Work instruction: Within the listing that follows, reproduce exactly the lines starting at the line with "La primera parte" and ending at the line with "Gambe in acciaio", inclusive, and only those. Pictures are dropped.
##### Source material #####
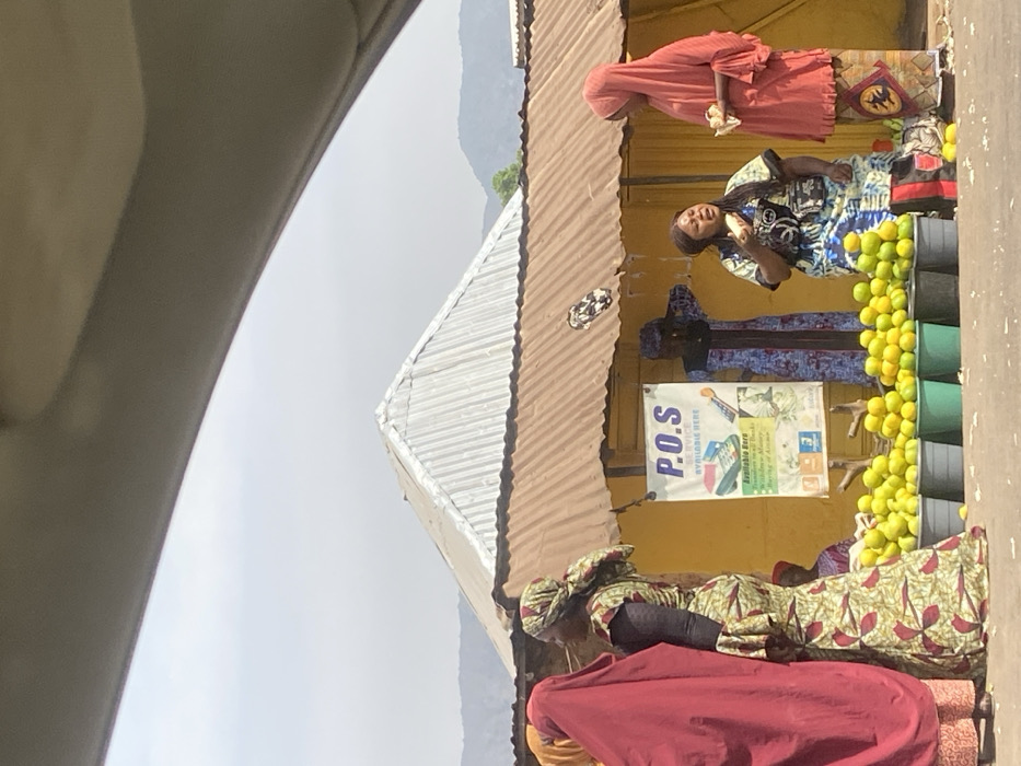 The image captures an outdoor street scene in Karshi, Nigeria, viewed from inside a vehicle, evident by the grey interior frame partially obscuring the top. In the mid-ground, five individuals are present around a fruit stall set against a single-story building with yellow walls and a brown corrugated metal roof. Numerous small, round, green and yellow citrus fruits are arranged in grey and green plastic buckets directly on the ground in front of the building. A white rectangular sign, prominently displayed on the building, states "P.O.S SERVICE AVAILABLE HERE" in blue text, with illustrations of a POS terminal, a mobile phone, and a hand with money. Additional text lists services such as "Deposit Money," "Withdrawal Money," "Payment of Bills," "Savings Account," and "Send & Receive Money," accompanied by "e," "3," and "f" logos. Among the individuals, from left to right: a person in a red garment, partially obscured; a woman in a long, fitted green, red, and black patterned dress with a matching headscarf and long black sleeves, standing; a person in a dark blue patterned garment, largely obscured by the P.O.S sign; a seated woman in a blue, white, and black patterned dress with a black fanny pack, holding a light-colored object to her mouth; and a standing woman in a light red/orange garment and patterned skirt, holding a similar light-colored object. A sixth individual in a red cap is partially visible behind the fruit display. The seated and standing women on the right appear to be interacting. The background reveals a hazy, light blue sky above distant, undulating hills. The ground surface appears unpaved.
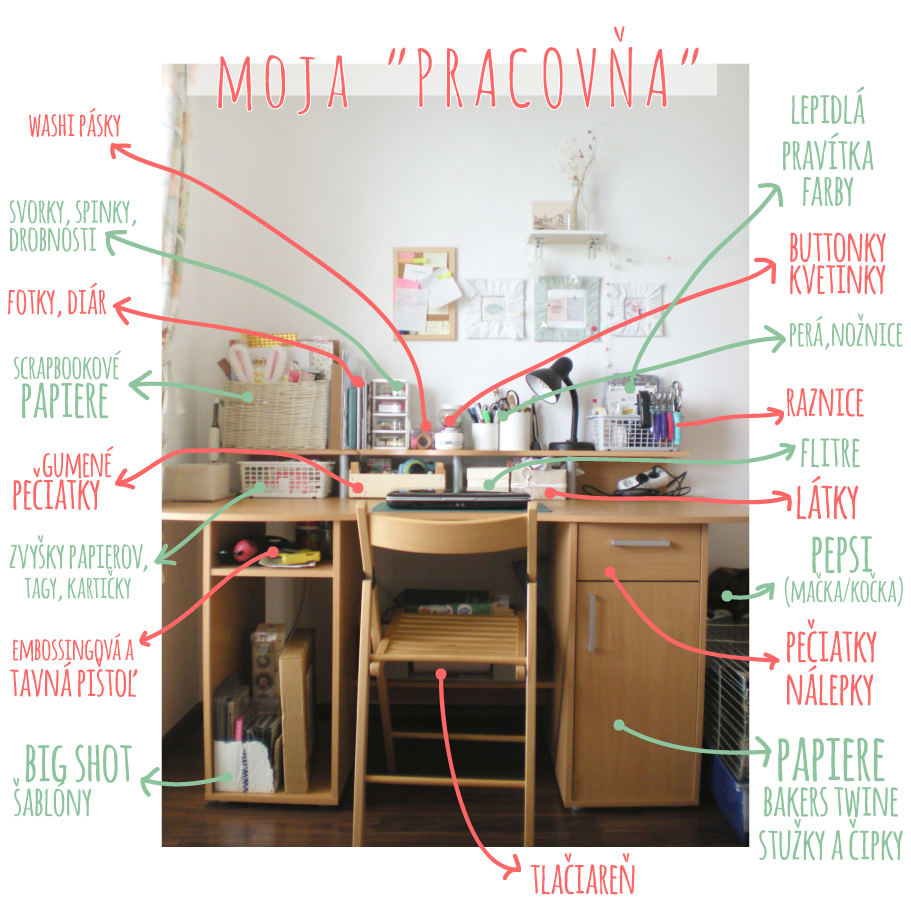 Veci mám roztriedené podľa kategórií, uložené sú väčšinou v menších škatuľkách alebo košíkoch a na najmenšie veci mám najradšej priesvitné nádobky. Je praktické mať všetko poruke - všetko mám na dosah ruky a pri tvorení nemusím chodiť ďaleko. I keď by mi nevadilo mať jedného dňa mega scrap miestnosť ako v Amerike :D
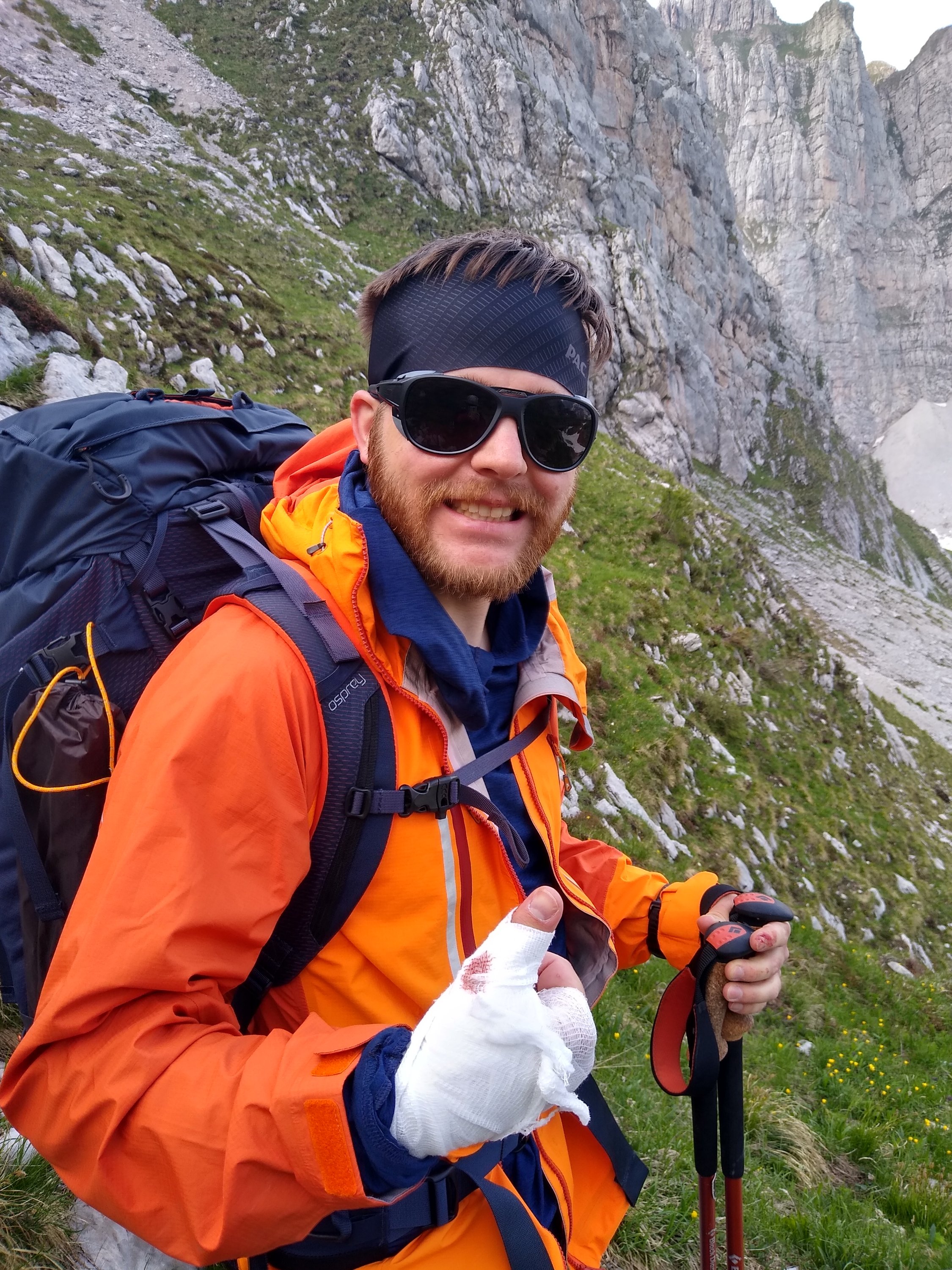 Na, der Tag hatte es ja in sich. Gott sei Dank ist Dreamwalker in Erster Hilfe für gestrauchelte Hiker geübt. Hoffentlich kann man mit dem kunstvollem Verband noch gut klettern und -vor allem – gut sichern! Gute Besserung. Tolle Tour und ganz schön tough.
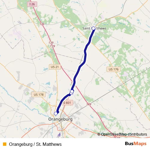 Orangeburg / St. Matthews bus Route Map
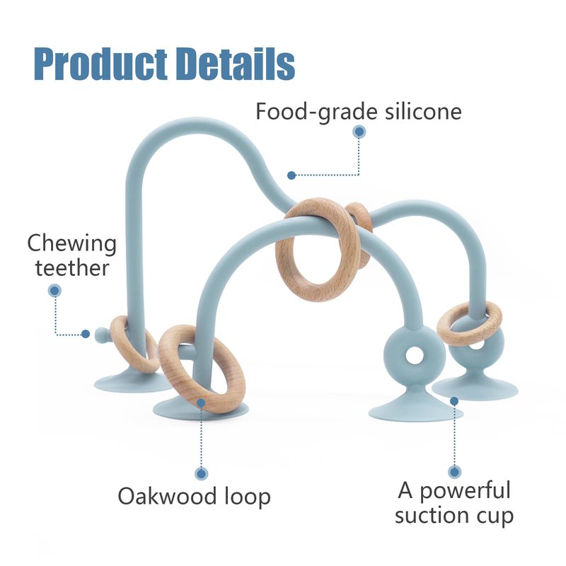 The high chair toys designed to improve a child's concentration and relieve boredom and irritability, the montessori Educational Toy is a suction toy that can easily attach to high chairs, smooth tables, windows and bathtubs, providing a safe, interactive play experience (if the table is dusty, it may affect the suction, So please try to keep the surface smooth and clean) 2.Our products are made of food grade silicone material and oakwood loop ring, smooth and non-toxic, it can ensure the safety of children when playing, and can also be used as dental toys. 3. Promote the development of skills: Our toys are designed to stimulate children's fine motor skills and hand-eye coordination, improving children's cognitive abilities. 4. Portable and lightweight design, it can be easily put in the backpack, easy to carry when going out.
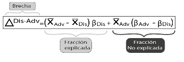 La primera parte del lado derecho de las ecuaciones anteriores es la diferencia observable en las variables en el dos grupos (el componente explicado), y la segunda parte está relacionada con las diferencias en los coeficientes de las variables en los dos grupos (componente no explicado) 13.
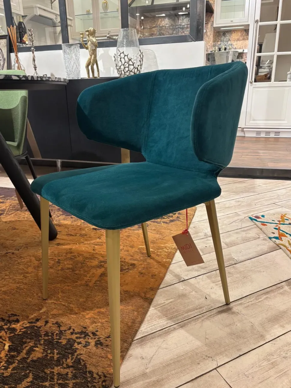 Gambe in acciaio verniciato oro e seduta in velluto superb pine green.
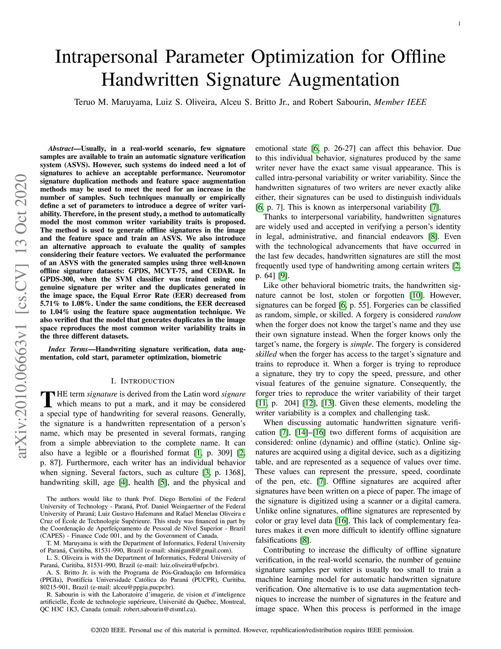 Intrapersonal Parameter Optimization for Offline Handwritten Signature
#####
Answer section:
 La primera parte del lado derecho de las ecuaciones anteriores es la diferencia observable en las variables en el dos grupos (el componente explicado), y la segunda parte está relacionada con las diferencias en los coeficientes de las variables en los dos grupos (componente no explicado) 13.
 Gambe in acciaio verniciato oro e seduta in velluto superb pine green.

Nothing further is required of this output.